A new governess! May God give His blessing!
R. teaches her the latest prayer for Fidi: “Dear God, tomorrow it would be nice if you could give me the largest slice!” —
R. goes to the house, I with him, he takes a bath but does not feel very well after it.
After lunch he sings a melody from a Beethoven quartet and says: “Beethoven is the best of them all, because he has beauty. There are really only two forms of art, sculpture and music, the latter infinitely greater than the former, because it owes nothing to the realities of life. Literature one can’t really acknowledge as an art form; Goethe, who thought himself born, to be a sculptor, felt that, and that is why he did not balk at making those terrible alterations in Romo and Juliet[1].” —
News of Kaulbach’s[2] death—a false deity already discredited. —
In the evening R. reads to me from Schopenhauer’s comment on his own philosophy and the opening pages of Finlay’s[3] history of Greece. The latter very interesting—every contact with the genius of Greece grips and uplifts one. R. is particularly pleased with the appreciation of Alexander.
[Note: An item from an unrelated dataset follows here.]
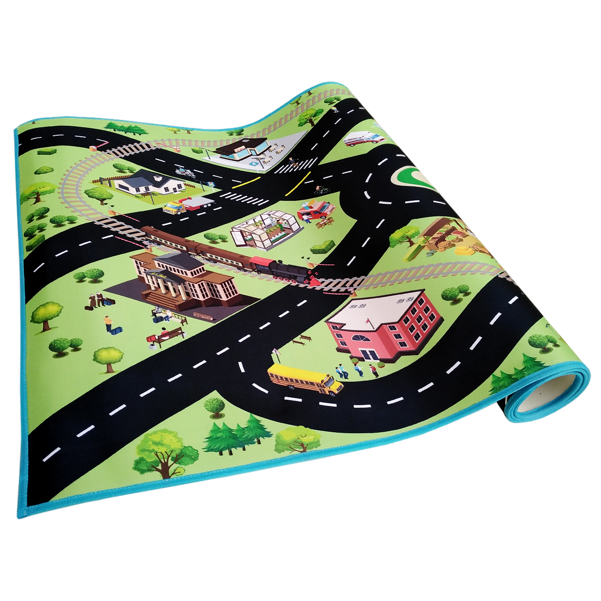 شهرکودک فومی ضخیم و دولایه پارچه وفوم بهمراه کاور PVC و در ابعاد 130×70 سانتیمتر و در ضخامت 3 میلیمتر می باشد.چاپ دیجیتال و قابل شستشو دارد. زیر انداز رایاتوی بصورت دولایه و با پرس پارچه بر روی فوم تولید شده است و در هنگام بازی کودکان جمع و چروک نمیشود و کاربردی است. بسته بندی شیرینگ می باشد. کیفیت و لطافت پارچه برای کودکان بسیار مناسب و لذت بخش است. شهرپارچه ای و یا زیرانداز پارچه ای در طراحی نمای یک شهر با جاده ها و اماکن و تابلو های راهنمایی و رانندگی برای سرگرمی و بازی کودکان یکی از بهترین بازی های خلاقانه شناخته شده است.

[1] As part of his work as a theater director in Weimar and in an effort to create repertoire for the German Theater, Goethe adapted the translation by August Wilhelm Schlegel. The piece was poorly received by critics and was only published in an anthology after Goethe’s death.
[2] Wilhelm Kaulbach (1805 – 1874) died on April 7, 1874 in Munich during the great cholera epidemic.
[3] George Finlay (1800 – 1875) wrote a number of works on the history of Greece.